Mr Keating was allegedly involved in a computer-chip fraud with Mr O'Connell, who is on trial for allegedly defrauding the British taxpayer of £20 million. Mr O'Connell claims he was innocent and ran a computer company for Mr Keating because he feared for his life.
He said when he tried to back out of the agreement in 1996, Mr Keating called him to a meeting in Limerick and turned up flanked by two silent men.
Mr O'Connell said Mr Keating "blew a fuse and threatened me . . . He told me I would be in a wheelchair. He said, `We know where you live. We know where your wife and children are'. He said, `Your girlfriend will end up with a lot of stitches in her face'."

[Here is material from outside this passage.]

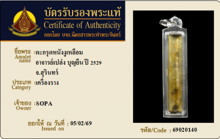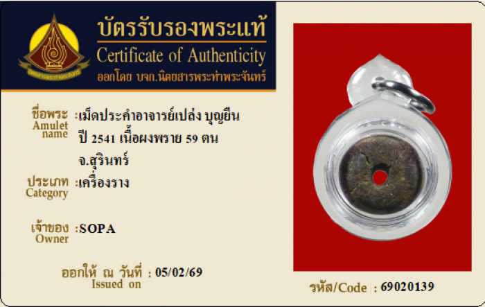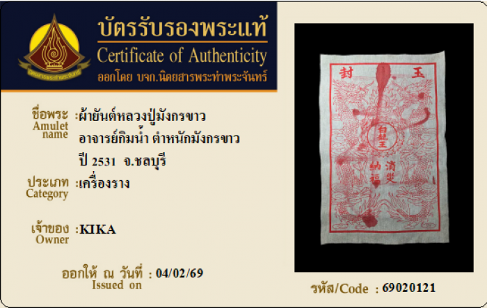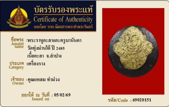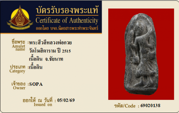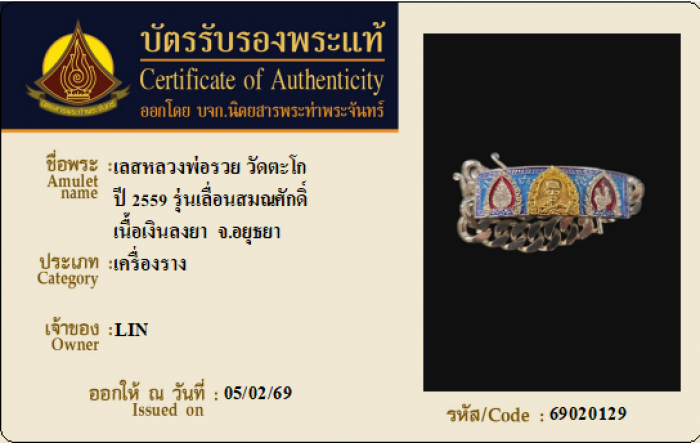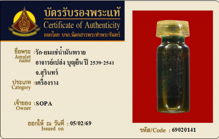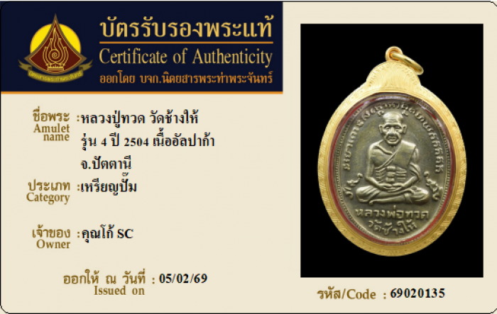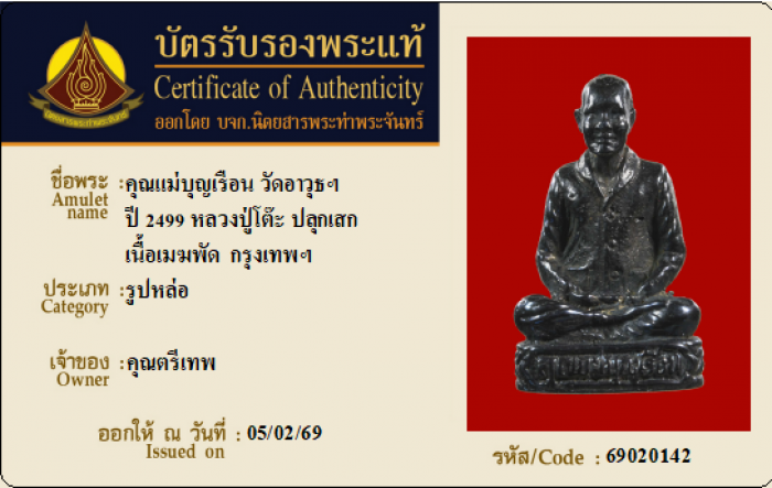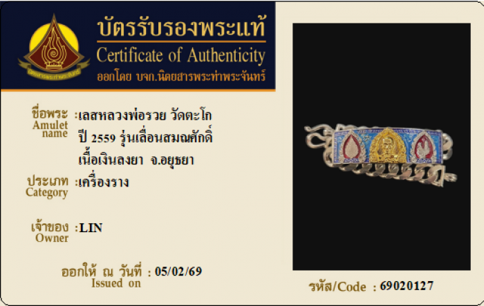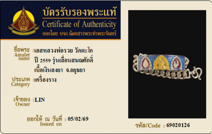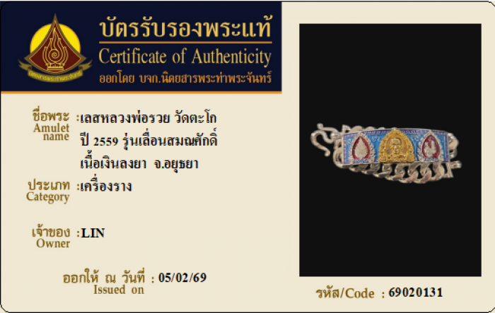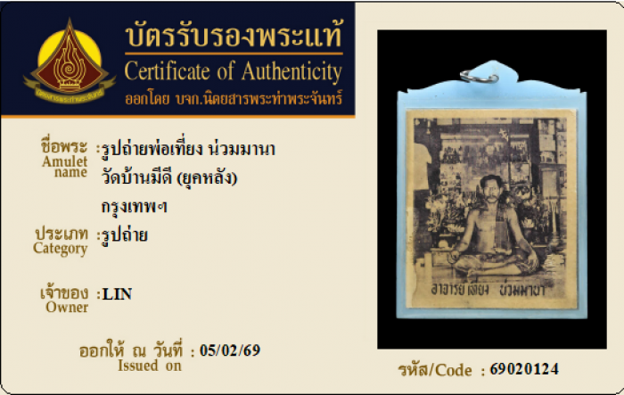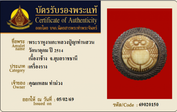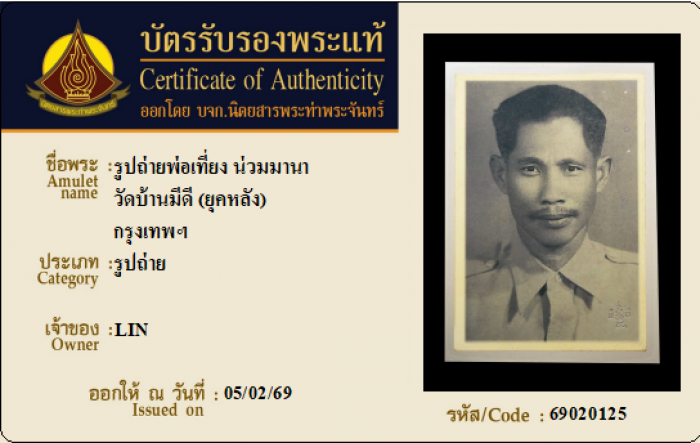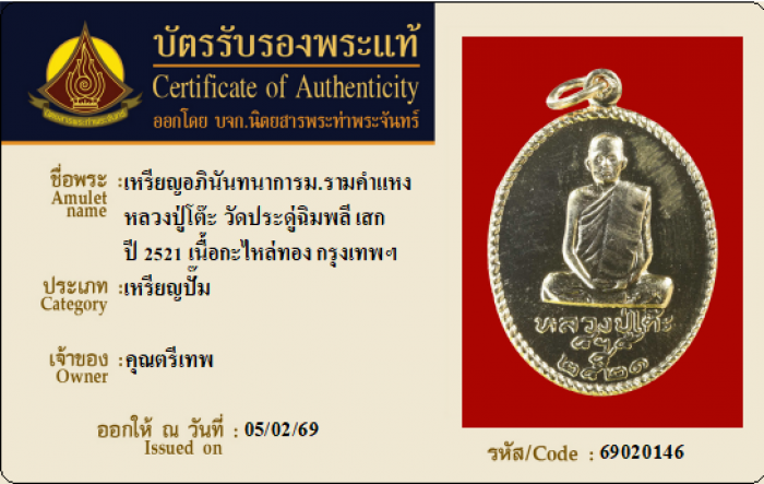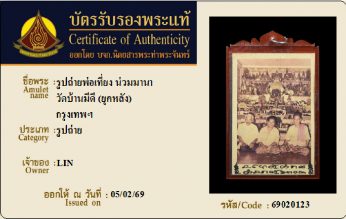 ค้นหาใบการันตีพระแท้

Mr O'Connell is accused of conning London suppliers of Intel Pentium II processors into believing they were being sold for VAT-free export to the Republic, when in fact they were being sold to his network of companies in England. Mr Keating's company, Irish Semi-Conductors, is alleged to be among a number of firms which backed the operation.
Mr Keating was first elected to the Dail in 1977 and was a TD with Fine Gael and the PDs until he retired from national politics in 1989, a year in which he wrote a thriller called Day Of Reckoning, launched by the taoiseach at the time, Mr Charles Haughey.
In February 1998 a claim was made in the High Court that he was a director of a company being investigated by the Criminal Assets Bureau regarding alleged drugs money-laundering. Mr Keating denied the claim.